◆ Records for this task
★ ★ ★ ★ ★

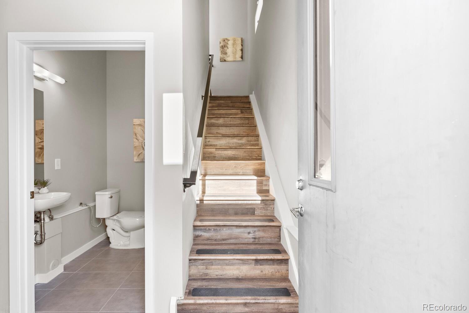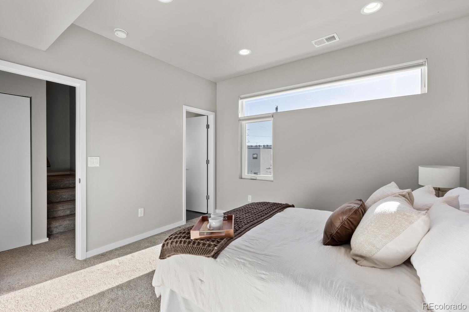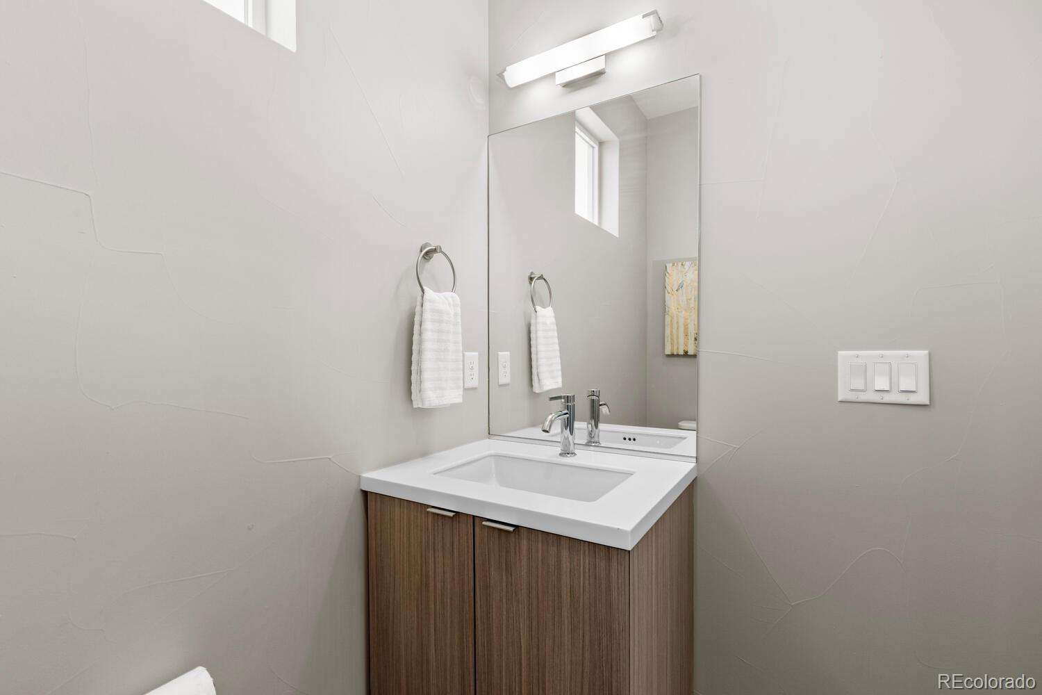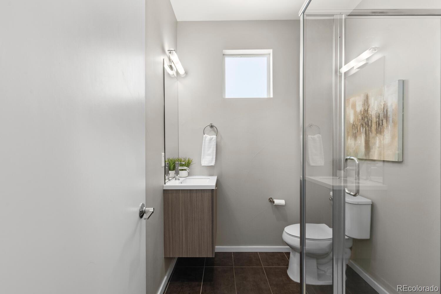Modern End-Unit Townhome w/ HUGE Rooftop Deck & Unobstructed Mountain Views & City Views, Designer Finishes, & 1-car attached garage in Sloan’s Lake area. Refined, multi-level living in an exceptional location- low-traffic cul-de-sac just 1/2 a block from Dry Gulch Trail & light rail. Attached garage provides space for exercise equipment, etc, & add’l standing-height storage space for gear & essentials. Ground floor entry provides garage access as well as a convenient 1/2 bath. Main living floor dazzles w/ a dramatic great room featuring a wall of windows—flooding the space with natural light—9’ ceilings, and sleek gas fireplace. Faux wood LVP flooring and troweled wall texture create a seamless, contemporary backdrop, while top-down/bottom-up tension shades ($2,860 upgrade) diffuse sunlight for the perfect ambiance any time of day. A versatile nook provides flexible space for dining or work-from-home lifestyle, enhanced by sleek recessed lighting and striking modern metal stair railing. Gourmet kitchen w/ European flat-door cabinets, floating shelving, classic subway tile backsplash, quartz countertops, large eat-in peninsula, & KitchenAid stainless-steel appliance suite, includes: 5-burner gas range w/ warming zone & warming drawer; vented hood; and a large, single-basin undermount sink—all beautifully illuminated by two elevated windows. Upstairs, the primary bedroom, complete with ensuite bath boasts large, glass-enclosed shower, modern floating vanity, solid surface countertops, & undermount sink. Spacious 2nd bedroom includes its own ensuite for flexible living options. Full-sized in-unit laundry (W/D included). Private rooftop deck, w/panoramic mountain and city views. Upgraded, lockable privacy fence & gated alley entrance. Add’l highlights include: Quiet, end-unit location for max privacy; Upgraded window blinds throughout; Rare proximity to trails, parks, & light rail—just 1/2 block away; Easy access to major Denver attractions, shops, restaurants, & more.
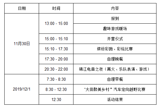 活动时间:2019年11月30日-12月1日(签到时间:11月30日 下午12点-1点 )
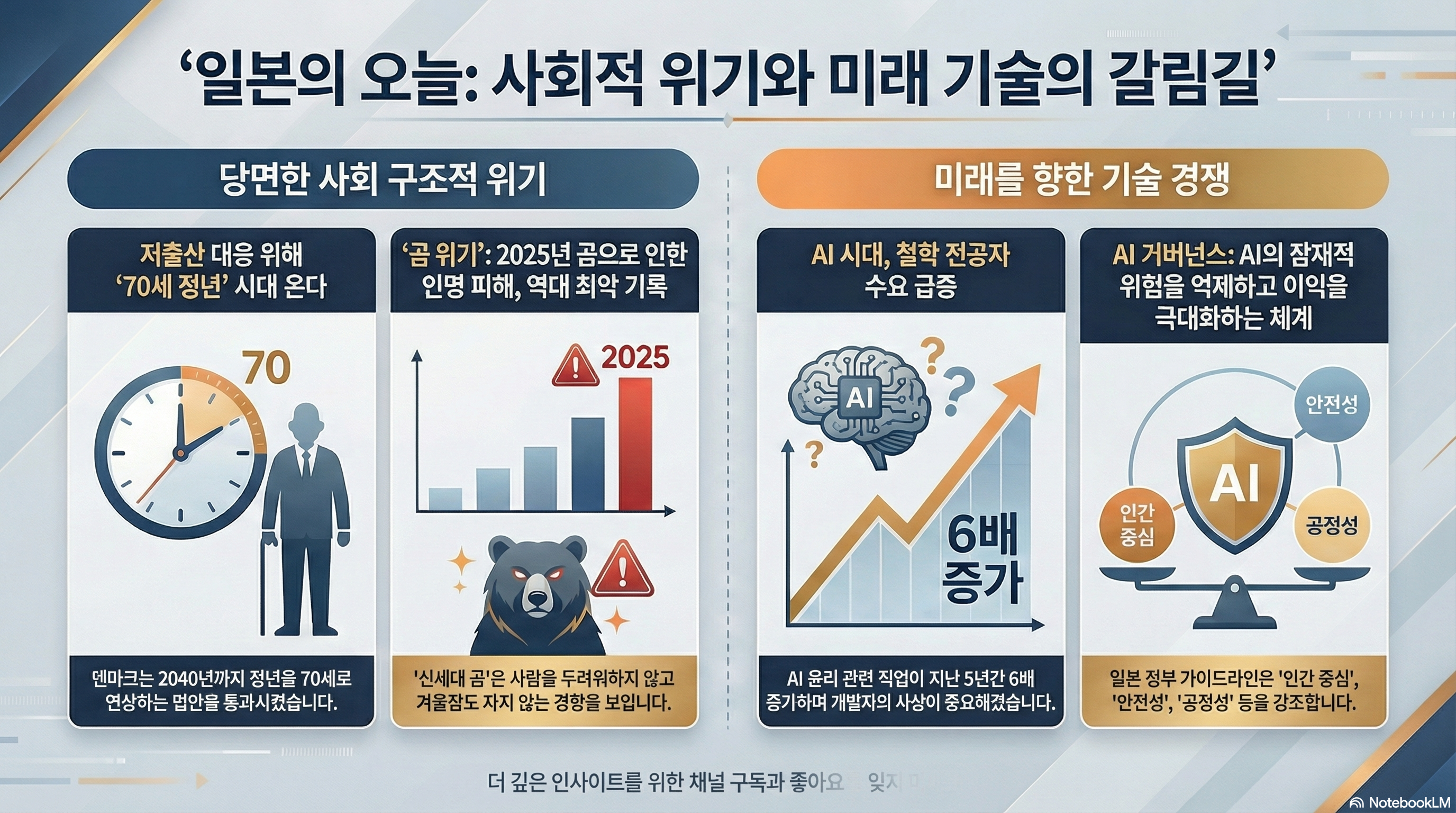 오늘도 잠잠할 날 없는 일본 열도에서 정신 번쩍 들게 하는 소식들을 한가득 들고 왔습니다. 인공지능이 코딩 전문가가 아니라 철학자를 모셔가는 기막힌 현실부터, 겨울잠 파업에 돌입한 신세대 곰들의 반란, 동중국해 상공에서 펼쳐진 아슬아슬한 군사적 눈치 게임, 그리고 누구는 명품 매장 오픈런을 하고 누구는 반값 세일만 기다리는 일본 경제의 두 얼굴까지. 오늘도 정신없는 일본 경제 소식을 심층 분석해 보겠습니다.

★ ★ ★ ★ ★

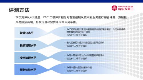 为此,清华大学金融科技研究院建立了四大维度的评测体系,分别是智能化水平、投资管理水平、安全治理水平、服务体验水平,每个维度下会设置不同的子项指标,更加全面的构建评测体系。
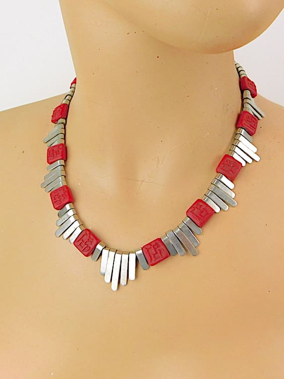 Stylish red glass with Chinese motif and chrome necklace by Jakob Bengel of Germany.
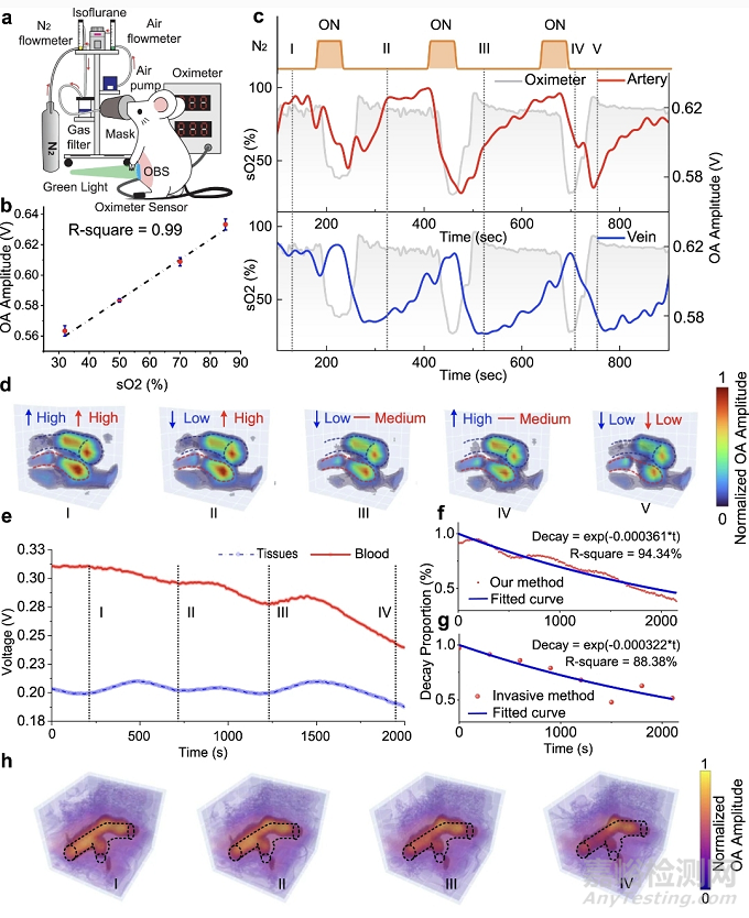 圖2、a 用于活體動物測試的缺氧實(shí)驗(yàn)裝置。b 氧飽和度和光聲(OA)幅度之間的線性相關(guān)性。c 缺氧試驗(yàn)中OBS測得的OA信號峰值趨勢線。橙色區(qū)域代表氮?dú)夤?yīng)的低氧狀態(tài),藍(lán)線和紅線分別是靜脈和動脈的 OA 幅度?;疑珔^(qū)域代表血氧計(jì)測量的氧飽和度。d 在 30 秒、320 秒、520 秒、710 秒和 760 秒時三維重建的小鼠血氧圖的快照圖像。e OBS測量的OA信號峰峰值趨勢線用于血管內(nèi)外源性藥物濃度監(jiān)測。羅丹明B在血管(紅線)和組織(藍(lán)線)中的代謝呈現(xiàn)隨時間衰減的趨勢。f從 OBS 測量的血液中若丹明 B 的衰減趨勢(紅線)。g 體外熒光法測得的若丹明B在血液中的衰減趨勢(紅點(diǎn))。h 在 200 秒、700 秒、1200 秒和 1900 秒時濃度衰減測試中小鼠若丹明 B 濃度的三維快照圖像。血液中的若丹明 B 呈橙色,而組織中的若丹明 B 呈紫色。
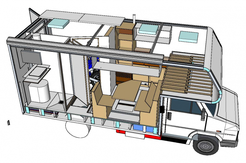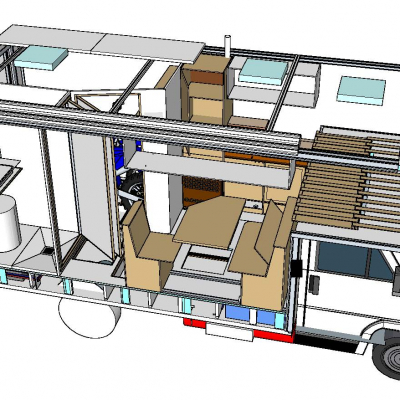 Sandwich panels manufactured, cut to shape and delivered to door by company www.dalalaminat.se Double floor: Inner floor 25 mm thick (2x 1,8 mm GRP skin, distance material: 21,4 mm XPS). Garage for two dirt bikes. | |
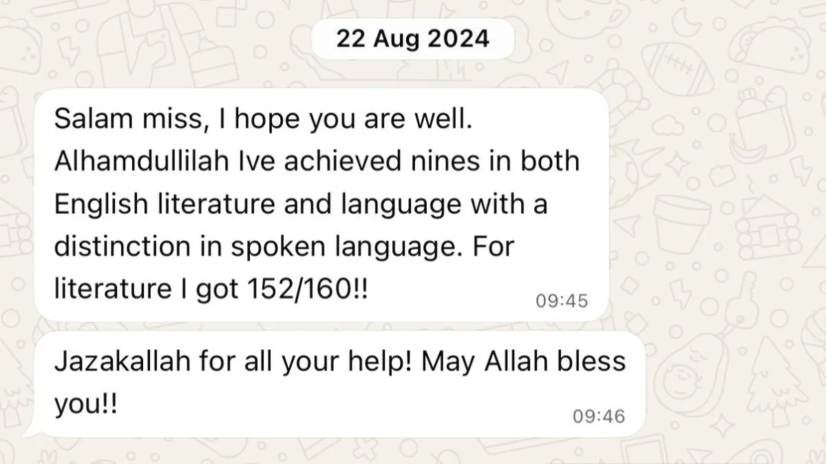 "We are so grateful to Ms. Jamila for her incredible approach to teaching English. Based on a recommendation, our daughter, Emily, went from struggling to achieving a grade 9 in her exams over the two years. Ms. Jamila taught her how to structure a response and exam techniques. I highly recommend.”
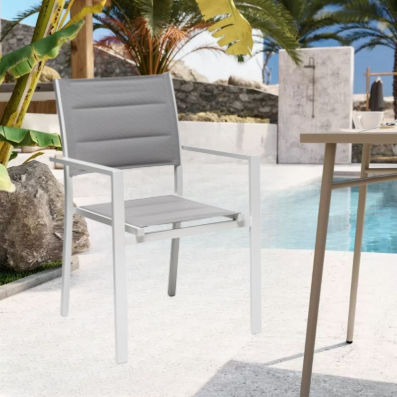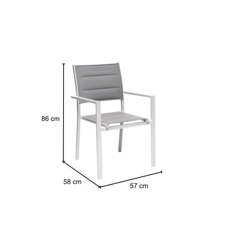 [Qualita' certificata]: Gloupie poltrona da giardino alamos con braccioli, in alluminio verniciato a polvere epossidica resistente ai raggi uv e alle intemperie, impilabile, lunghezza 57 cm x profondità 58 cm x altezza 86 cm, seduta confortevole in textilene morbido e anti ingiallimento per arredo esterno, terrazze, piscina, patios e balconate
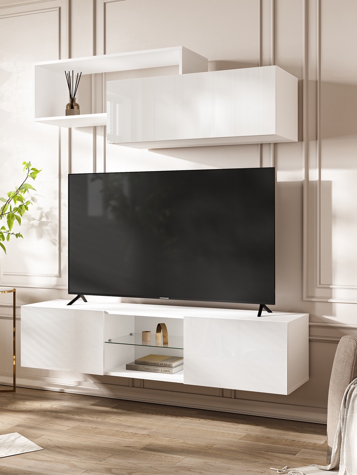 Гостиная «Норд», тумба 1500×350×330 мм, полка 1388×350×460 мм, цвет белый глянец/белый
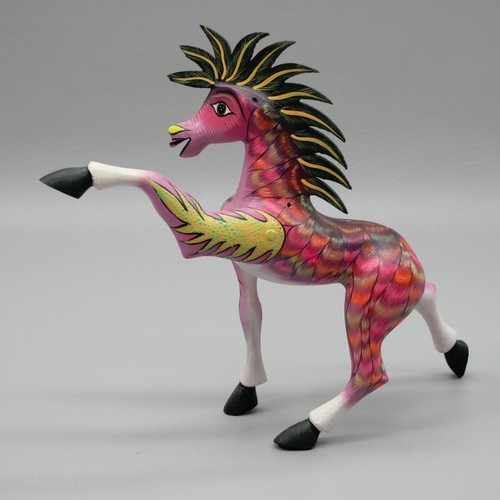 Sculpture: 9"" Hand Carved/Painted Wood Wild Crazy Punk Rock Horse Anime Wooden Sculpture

★ ★ ★ ★ ★

Above are the records. Copy word for word only their lines from the one holding "Modern End-Unit Townhome" through the one holding "活动时间:2019年11月30日-12月1日(签到时间:11月30日 下午12点-1点 )", both included, and skip the images.

Modern End-Unit Townhome w/ HUGE Rooftop Deck & Unobstructed Mountain Views & City Views, Designer Finishes, & 1-car attached garage in Sloan’s Lake area. Refined, multi-level living in an exceptional location- low-traffic cul-de-sac just 1/2 a block from Dry Gulch Trail & light rail. Attached garage provides space for exercise equipment, etc, & add’l standing-height storage space for gear & essentials. Ground floor entry provides garage access as well as a convenient 1/2 bath. Main living floor dazzles w/ a dramatic great room featuring a wall of windows—flooding the space with natural light—9’ ceilings, and sleek gas fireplace. Faux wood LVP flooring and troweled wall texture create a seamless, contemporary backdrop, while top-down/bottom-up tension shades ($2,860 upgrade) diffuse sunlight for the perfect ambiance any time of day. A versatile nook provides flexible space for dining or work-from-home lifestyle, enhanced by sleek recessed lighting and striking modern metal stair railing. Gourmet kitchen w/ European flat-door cabinets, floating shelving, classic subway tile backsplash, quartz countertops, large eat-in peninsula, & KitchenAid stainless-steel appliance suite, includes: 5-burner gas range w/ warming zone & warming drawer; vented hood; and a large, single-basin undermount sink—all beautifully illuminated by two elevated windows. Upstairs, the primary bedroom, complete with ensuite bath boasts large, glass-enclosed shower, modern floating vanity, solid surface countertops, & undermount sink. Spacious 2nd bedroom includes its own ensuite for flexible living options. Full-sized in-unit laundry (W/D included). Private rooftop deck, w/panoramic mountain and city views. Upgraded, lockable privacy fence & gated alley entrance. Add’l highlights include: Quiet, end-unit location for max privacy; Upgraded window blinds throughout; Rare proximity to trails, parks, & light rail—just 1/2 block away; Easy access to major Denver attractions, shops, restaurants, & more.
 活动时间:2019年11月30日-12月1日(签到时间:11月30日 下午12点-1点 )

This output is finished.